§ YOUR OBJECTIVE
Find the line that contains "Robe Femme Women" in the entries below. Restate it and every line after it, word for word, with no pictures.

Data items
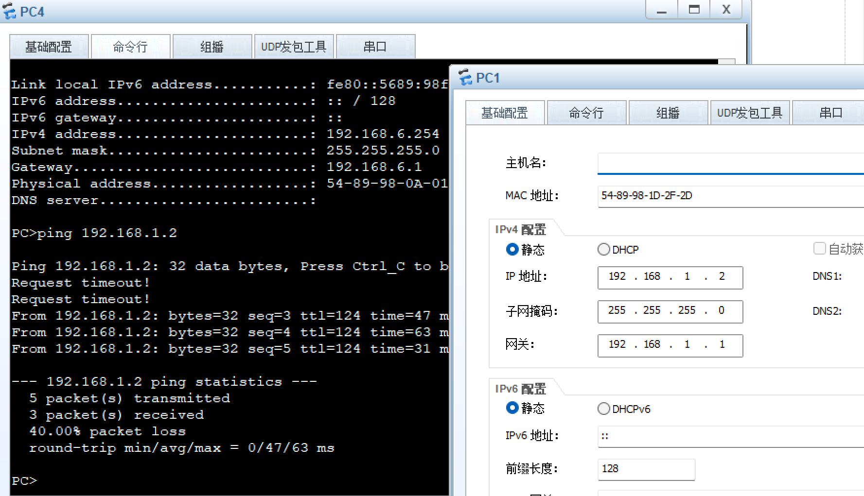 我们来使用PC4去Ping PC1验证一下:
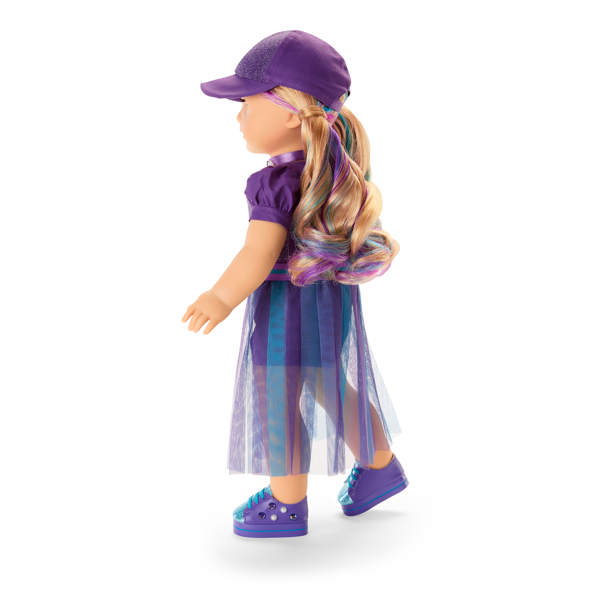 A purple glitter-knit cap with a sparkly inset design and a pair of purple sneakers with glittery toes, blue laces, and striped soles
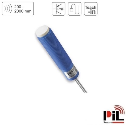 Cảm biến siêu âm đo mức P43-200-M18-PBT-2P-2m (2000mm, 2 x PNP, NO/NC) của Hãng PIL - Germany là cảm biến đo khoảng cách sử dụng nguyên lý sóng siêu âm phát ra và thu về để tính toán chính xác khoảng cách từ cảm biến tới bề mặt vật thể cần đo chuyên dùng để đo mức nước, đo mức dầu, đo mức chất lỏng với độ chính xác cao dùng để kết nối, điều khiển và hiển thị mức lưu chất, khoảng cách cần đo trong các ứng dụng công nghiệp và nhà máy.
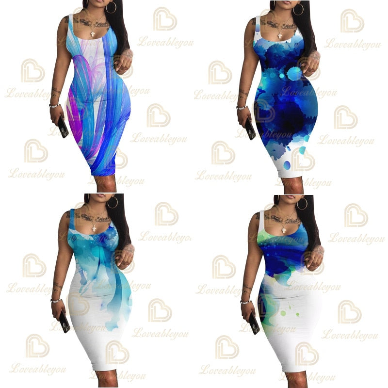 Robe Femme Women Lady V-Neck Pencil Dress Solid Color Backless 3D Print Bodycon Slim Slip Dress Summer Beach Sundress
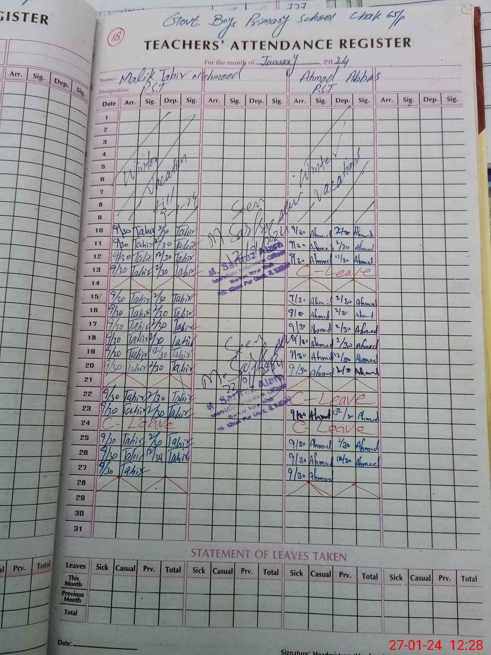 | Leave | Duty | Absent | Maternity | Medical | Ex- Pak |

§ SOLUTION TO THIS EXERCISE
 Robe Femme Women Lady V-Neck Pencil Dress Solid Color Backless 3D Print Bodycon Slim Slip Dress Summer Beach Sundress
 | Leave | Duty | Absent | Maternity | Medical | Ex- Pak |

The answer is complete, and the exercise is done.